YARGITAY KARARI
DAİRE : 14. Hukuk Dairesi
ESAS NO : 2006/1414
KARAR NO : 2006/3862
KARAR TARİHİ : 03.04.2006
MAHKEMESİ:Asliye Hukuk Mahkemesi
Davacılar vekili tarafından, davalı aleyhine 14.9.2004 gününde verilen dilekçe ile tapuda vakıf şerhinin terkini istenmesi üzerine yapılan duruşma sonunda; davanın kabulüne dair verilen 15.12.2004 günlü hükmün Yargıtayca incelenmesi davalı … İdaresi vekili ve davacı vekili tarafından istenilmekle süresinde olduğu anlaşılan temyiz dilekçesinin kabulüne karar verildikten sonra dosya ve içerisindeki bütün kağıtlar incelenerek gereği düşünüldü:
K A R A R
Dava; nizalı parsellerdeki murise ait müşterek paylar üzerindeki vakıf şerhinin silinmesi istemine ilişkindir.

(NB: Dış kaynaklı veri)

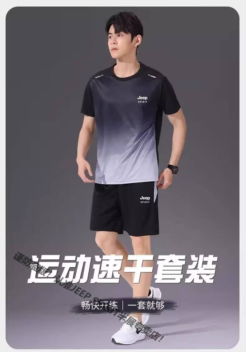 JEEP SPIRIT Jeep Ice Silk Suit Men's Summer Thin Quick-Drying Short-Sleeved T-Shirt Running Fitness Basketball Badminton Suit 9901 Black Green Suit M
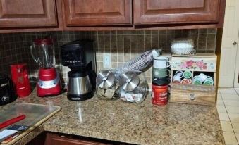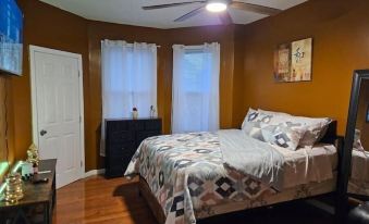 Fully renovated apartment with new kitchen and appliances; modern and cozy furniture throughout. The entrance to the apartment is on the second floor. The main common area, the living room, has an easy-to-connect-to projector that guests can use for entertainment purposes. Along with 2 pull-out couches. All bedrooms have a Roku TV and a remote-controlled ceiling fan with an LED-changing light bulb. There is an accessible washer and dryer in the master bathroom.
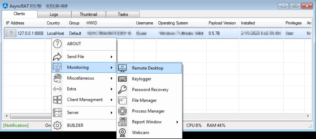AsyncRAT is a remote access trojan (RAT) built to remotely monitor and control other computers through a secure, encrypted connection. The name “AsyncRAT” comes from its core functionality—’async’ means it performs its operations asynchronously, which means it is capable of executing several tasks simultaneously. AsyncRAT has been observed as being bought, sold, and deployed for years, going through many versions and renditions. Functionality associated with AsyncRAT includes keylogging, remote desktop control, and the ability to enumerate a victim machine and exfiltraing stolen data - among other fucntionality.
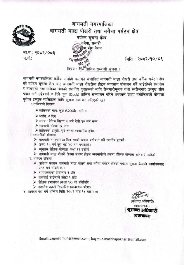 कुक तालिम सम्बन्धी सूचना
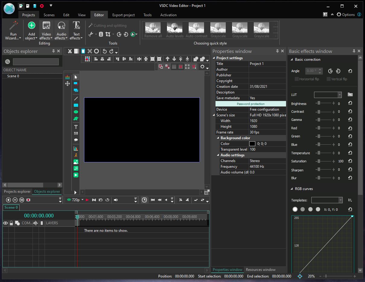 在编辑时,您将在时间轴上方看到一个预览面板。当您沿着时间轴移动光标时,此面板将显示屏幕上的内容。也就是说,没有全屏预览。由于VSDC处理文件的方式,小预览也容易出现延迟。也就是说,它仍然可以完美地用于编辑目的。其他日常功能也很容易访问。剪切、拼接和拖动都是非常直观的。
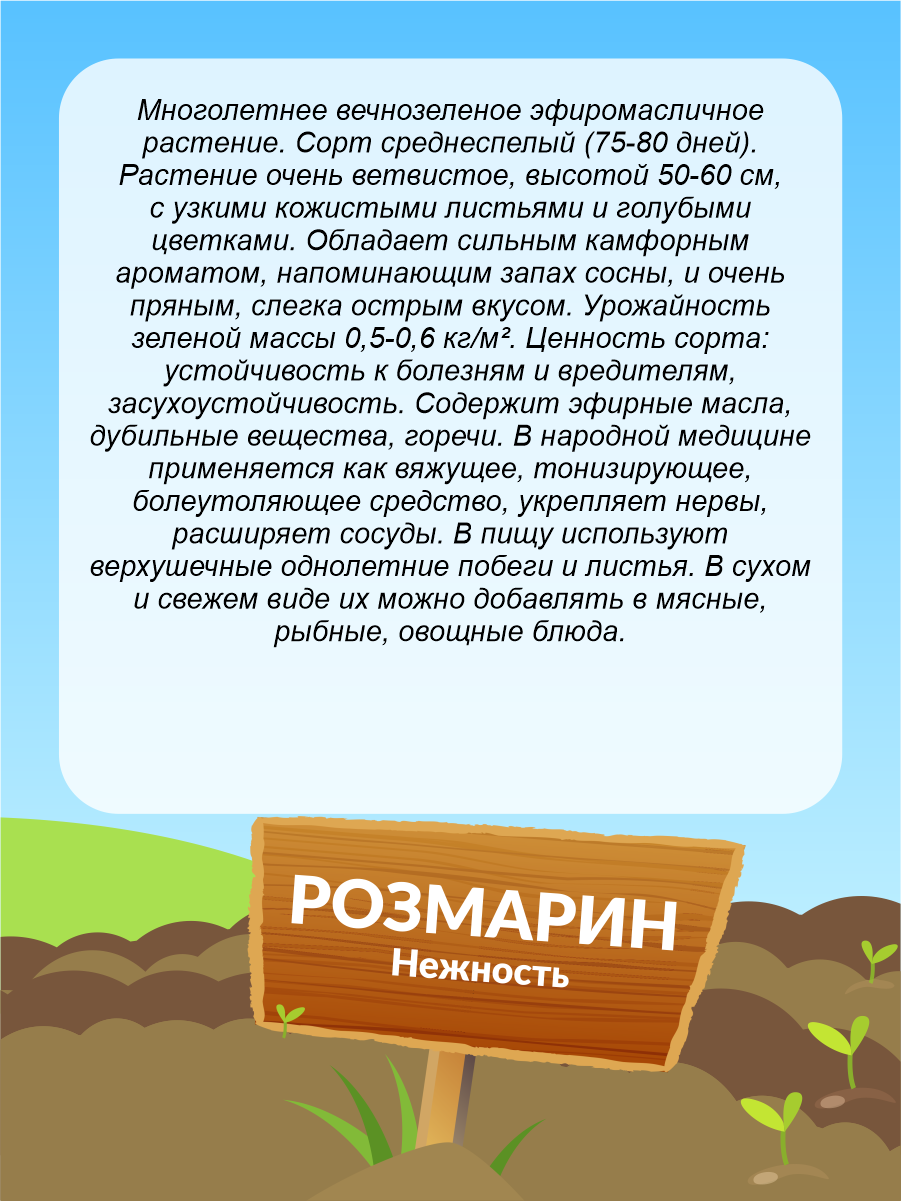 Многолетнее вечнозеленое эфиромасличное растение. Сорт среднеспелый (75-80 дней). Растение очень ветвистое, высотой 50-60 см, с узкими кожистыми листьями и голубыми цветками. Обладает сильным камфорным ароматом, напоминающим запах сосны, и очень пряным, слегка острым вкусом. Урожайность зеленой массы 0,5-0,6 кг/м². Ценность сорта: устойчивость к болезням и вредителям, засухоустойчивость. Содержит эфирные масла, дубильные вещества, горечи. В народной медицине применяется как вяжущее, тонизирующее, болеутоляющее средство, укрепляет нервы, расширяет сосуды. В пищу используют верхушечные однолетние побеги и листья. В сухом и свежем виде их можно добавлять в мясные, рыбные, овощные блюда.

Elbirliği halinde mülkiyette (somut olayda olduğu gibi) mirasçılar arasında ortaklık bağı vardır. Bu kişiler mirasçı sıfatı ile bir mala veya hakka birlikte malik olmak durumundadır. Medeni Kanunun 701-703 maddeleri uyarınca bu tür mülkiyetin “ortaklığın” tüzel kişiliği bulunmadığından ortaklardan herbirinin eşya üzerinde doğrudan bir hakkı da yoktur. Bu anlatımın doğal sonucu olarak da mülkiyet bütünüyle ortakların tümüne aittir. Elbirliği mülkiyetinde malikler mülkiyet payını ayırmadığından eşya üzerinde paydaş değil, ortaktır. Yine bu tür mülkiyette işin özelliği gereği ortaklar arasında zorunlu dava arkadaşlığı vardır. Şayet davalı olacaklarsa davanın ortakların tümü aleyhine açılması gerekir. Medeni Kanunumuzda bir ortağın tek başına dava açabileceği, nevarki, açtığı bu davanın devam edebilmesi için öteki ortakların açılan davaya olur vermeleri yada davanın miras şirketine atanacak temsilci aracılığı ile sürdürülebileceği kural olarak benimsendiğinden ve dava ehliyetinin varlığı Mahkemece resen araştırılması gereken hususlar arasında bulunduğundan davaya katılmayan ortakların olurları alınmaksızın veya Medeni Kanunun 640.maddesi uyarınca miras şirketine atanacak temsilci aracılığı ile davanın sürdürülebileceği gözardı edilerek çekişmenin esasının incelenip dava kabul edildiğinden karar bozulmalıdır.SONUÇ. Yukarıda yazılı nedenlerle temyiz itirazlarının kabulüyle hükmün BOZULMASINA, bozma nedenine göre sair hususların incelenmesine yer olmadığına, temyiz harcının istek halinde yatırana iadesine, 3.4.2006 gününde oybirliği ile karar verildi.